Oct 22, 2005

Gas Gauge must always be FULL

I almost flipped backwards when I heard the bouncer say, "forty!". Forty freakin dollars!!! That's how much it was to get IN the bar my friend recommended me to try when I asked him what's a great place to hang out nowadays. Not that I was dying to party, but my sister just arrived in town from the UK and all my cousins were with us to celebrate our small family reunion. But forty bucks? Who the F--k was in there? Kate Moss?!!! I tried to regain my composure as I slowly turned my back to him and announced to everyone we were moving. A group of young girls who were prob'ly in their early twenties eyed me with raised brows. They were unmistakably dismissing me as a "cheapo" when I refused to pay another NY city bar way more money than they deserve. Brats... I returned their gaze with as much pride and prejudice as I held my own place....while trying to hide my own amusement as I allowed them to take their fill and eye me up and down. This is MY game. I have perfected this attitude since birth. I can fire back to the bitchiest of attitude without saying a word.

But I am getting too old for this sh--! I don't do velvet ropes anymore! Last time I lined up to get in a bar was when I was in Frisco with another cousin who wanted to go to some bday. Even that didn't go well bec I immediately left the line to go to the closest PUB. I don't have TIME to party. And if not for good friends who are celebrating bdays or for family members who are in town to visit, you'd never see me partying till dawn anymore. If I do, it'll be in Paris where I am in the same establishment as Madonna or Gwyneth Paltrow! As if!

But as my thoughts go back to those girls who were dressed to Saturday night's perfection, I remember my old self when I was their age and going through that "living the moment" phase. God was I that shallow?! I lived looking forward to weekend night sessions of drinking and socializing with the right pair of Manolo's. What a disgrace...

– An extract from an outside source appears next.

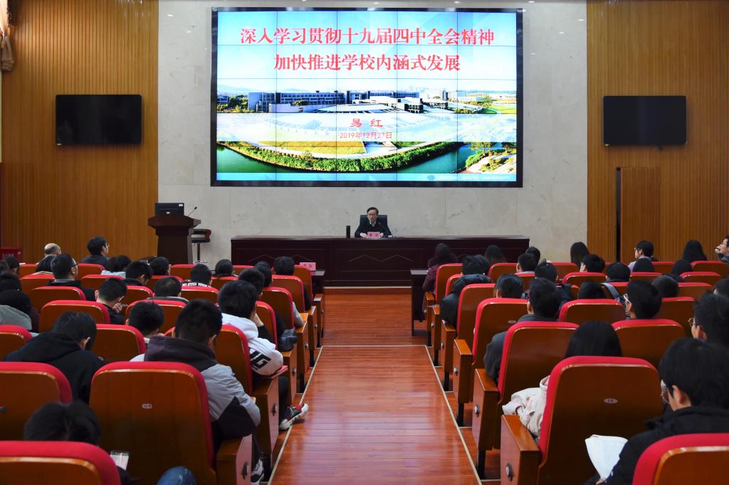 12月27日上午,在英国正版365官方网站报告厅内,校党委书记易红走上讲台,为化工院学子讲授思政课,宣讲十九届四中全会精神,交流办学治校理念,共话学校改革发展。

It's not that I have something bad against going out at night or having a good time. It's just that I have quietly allowed myslef to move on to the next station of my life that allows me to thoroughly enjoy life without the assistance of alcohol or pretentious chit chat. I am not impressed with wealth or stature, of appearance or reputation, of job status or educational background. I would much rather be with the company of the simple and the humble. Those who conduct themselves in utmost composed and quiet elegance. People who are bizarrely honest and downright open. People who are exceptional by just being off-handedly funny and brutally kind. People who are....hmmmm...say, TRUE. While I roll my eyes at people, women especially, who are weirdly pretending to be nice but deep down secretly wants you to stumble in your perfect black dress, I relish at the thought that there are some who will cheer you on in your pajamas and morning hair while you strut your stuff empty handed. In this day and age, the glitz and the glam has slowly become a bore. A chore even for me... since understandably, there will always be days when you have to dress to kill in order to be heard. But really, how long can you keep someone's attention if you really have nothing between your ears?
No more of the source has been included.